Union Canal Tunnel
40 20 58.5 N
76 27 41.0 W
The Union Canal Tunnel is the oldest existing transportation tunnel in the United States.
According to oral history, George Washington visited the canal diggings in 1792, and then again in 1794, while he was accompanying troops to suppress the Whiskey Rebellion in Western Pennsylvania.
The Union Canal Tunnel was a crucial structure allowing the connection of the eastern and western branches of the 82-mile Union Canal. The canal snaked from Middletown on to Reading, where it converged with the Schuylkill River, providing a direct water link from Harrisburg to Philadelphia. The oldest existing tunnel in the U.S., it was created through 729 feet of solid slate rock with veins of hard, flinty limestone. It was constructed through the ridge dividing the Quittapahilla Creek and Clark's Run.
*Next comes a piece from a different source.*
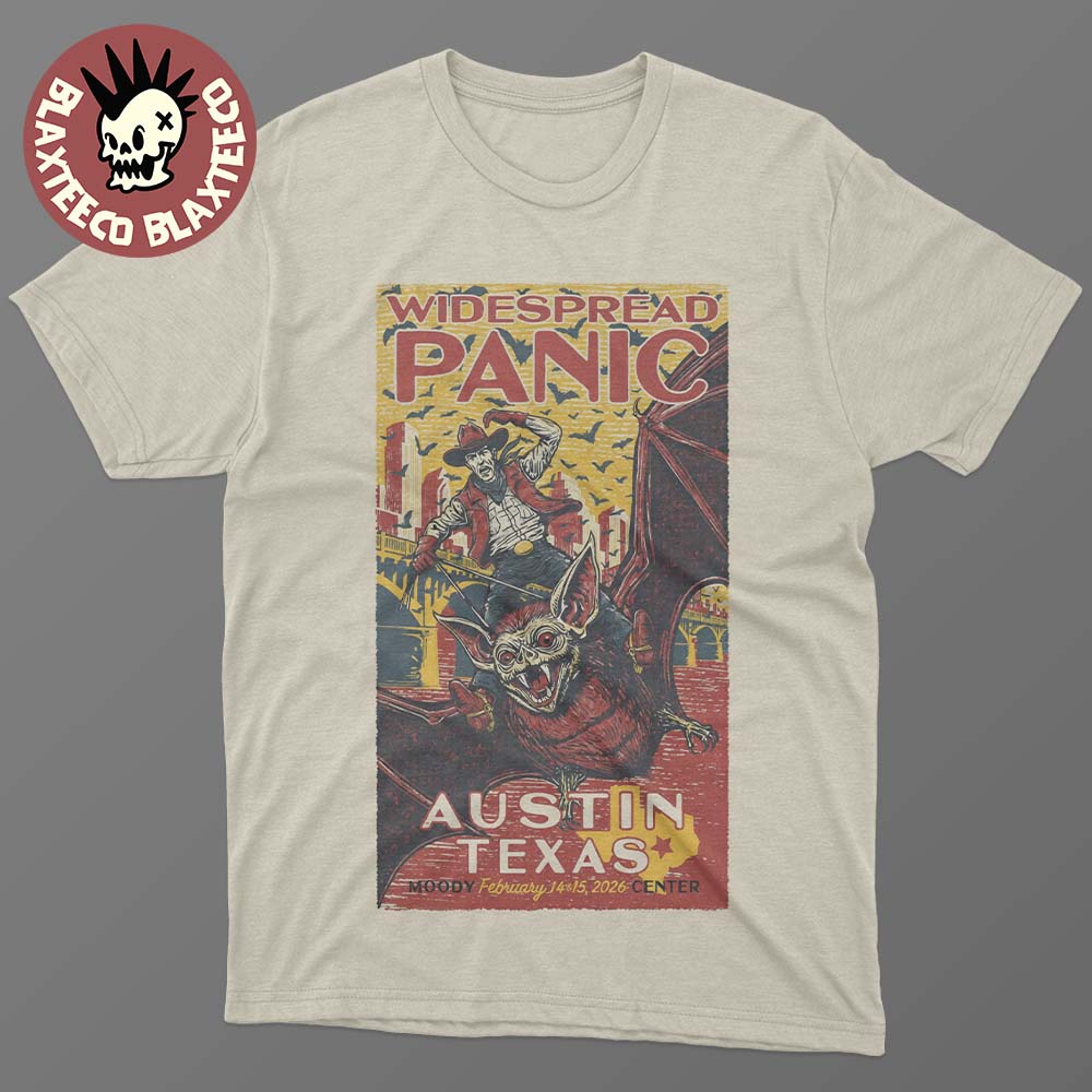 Blaxteeco: About Widespread Panic Austin Texas 2026 Event Poster At Moody Center On February 14 And 15 2026 Bat Cowboy Art T-Shirt:

As early as the 1760s, consideration was given to constructing a waterway that would speed shipments between the east and the west. In 1791 the Pennsylvania Assembly passed an act authorizing the formation of the Schuylkill and Susquehanna Navigation Company, whose purpose was to connect the two rivers by canal. Work was begun the next year, but suspended in 1794 due to financial difficulties. Frequent attempts to revive the project were unsuccessful until the Union Canal Company was created by another act of the state assembly in 1811.
Facts
- Boring was undertaken by hand, using picks and shovels.
- Gunpowder was used to blast through the rock.
- Progress on the work was five lineal yards per week.
- The tunnel measured 18 feet in width and 14 feet in height and was created for a cost of $31,000.
- Boats were poled through the tunnel and mules were walked over the top.